El fútbol puede comprimir dos extremos en apenas seis meses. El 15 de febrero, Tucumán Central celebraba en Catamarca el triunfo más importante de su historia. Este sábado, 195 días después, el panorama cambió drásticamente: empató 2-2 ante Boca Unidos de Corrientes, por la sexta fecha de la Zona A de la Reválida, y quedó al borde del abismo.

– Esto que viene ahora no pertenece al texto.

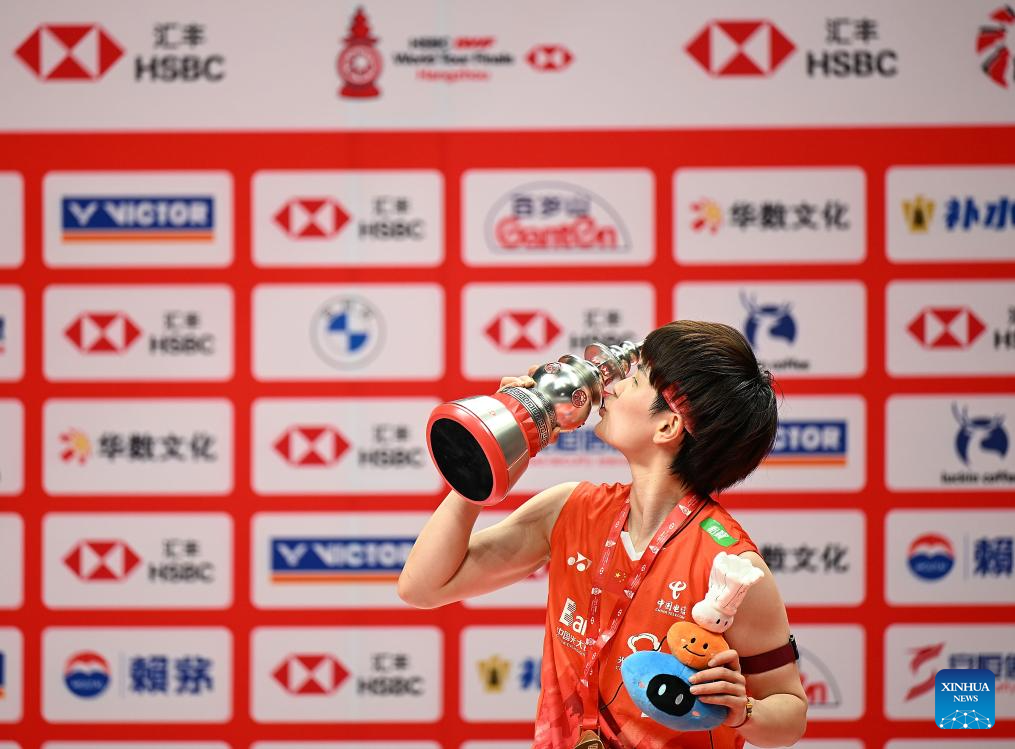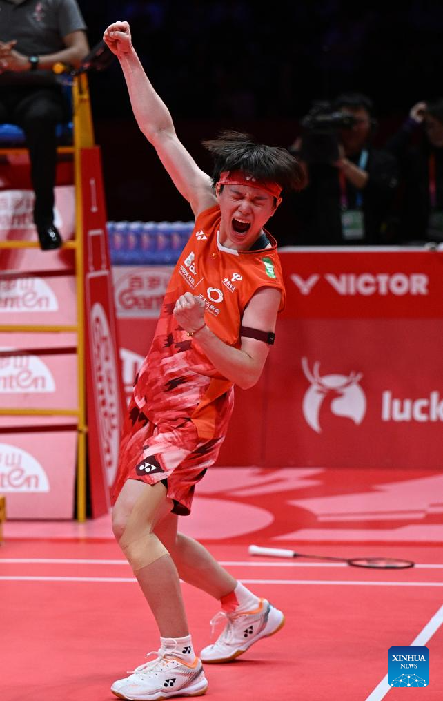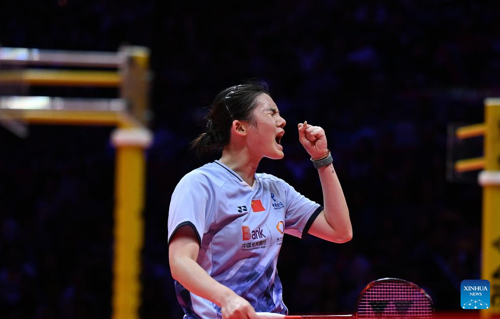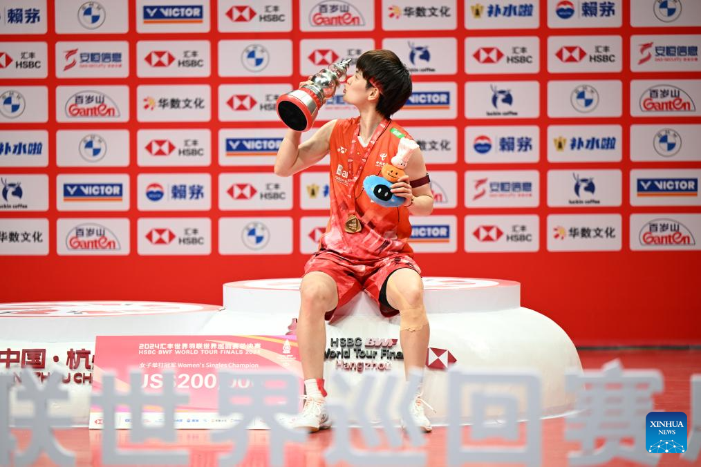 Wang Zhiyi celebrates victory after the women's singles final match between Wang Zhiyi of China and Han Yue of China at BWF World Tour Finals 2024 in Hangzhou, China, Dec. 15, 2024. (Xinhua/Hou Zhaokang)

El equipo de Villa Alem necesitaba ganar para sostener con firmeza sus chances de salvación. Luchó hasta el final, buscó el gol aun en inferioridad numérica y terminó con dos marcadores centrales jugando como delanteros improvisados. No alcanzó para la victoria. Cuando el árbitro santiagueño Francisco Acosta señaló el final, varios futbolistas quedaron tendidos sobre el césped con la desazón a cuestas, mientras desde las tribunas bajaban los aplausos de la gente que acompañó al equipo en sus presentaciones como local.

Tucumán Central todavía deberá visitar a Sarmiento en Resistencia y recibir a Sportivo Las Parejas antes de quedar libre en la última fecha. Sin embargo, su margen de maniobra es mínimo: el equipo quedó pendiendo de un hilo y necesita que hoy se alineen tres resultados a su favor para no quedar matemáticamente condenado antes del cierre de la fase.

La tarde comenzó complicada para Tucumán Central. Boca Unidos se puso en ventaja a los seis minutos con un golazo de Tiago Villanueva, pero el local reaccionó rápido y alcanzó el empate a los 20’ por intermedio de Matías Smith. Sin embargo, antes del descanso, Agustín Alfano volvió a adelantar a los correntinos y estableció el 2-1.

Obligado a sumar, el equipo dirigido por Walter Arrieta y Sergio Décima salió con otra actitud al complemento y encontró el 2-2 a los 64 minutos gracias a Carlos Cisneros. Cuando parecía que podía ir por el triunfo, Felipe Estrada fue expulsado a los 73’ y dejó a Tucumán Central con 10 jugadores, en un tramo en el que debió asumir todavía más riesgos.

En el cierre, el local buscó la victoria con lo que tenía a mano e incluso terminó con Patricio Krupoviesa y Francisco Gramajo, ambos defensores, jugando prácticamente como delanteros. El empuje no alcanzó y Boca Unidos también tuvo chances de contragolpe, pero el marcador no volvió a moverse. El 2-2 dejó a Tucumán Central en una situación muy comprometida y casi sin margen de error en la pelea por la permanencia.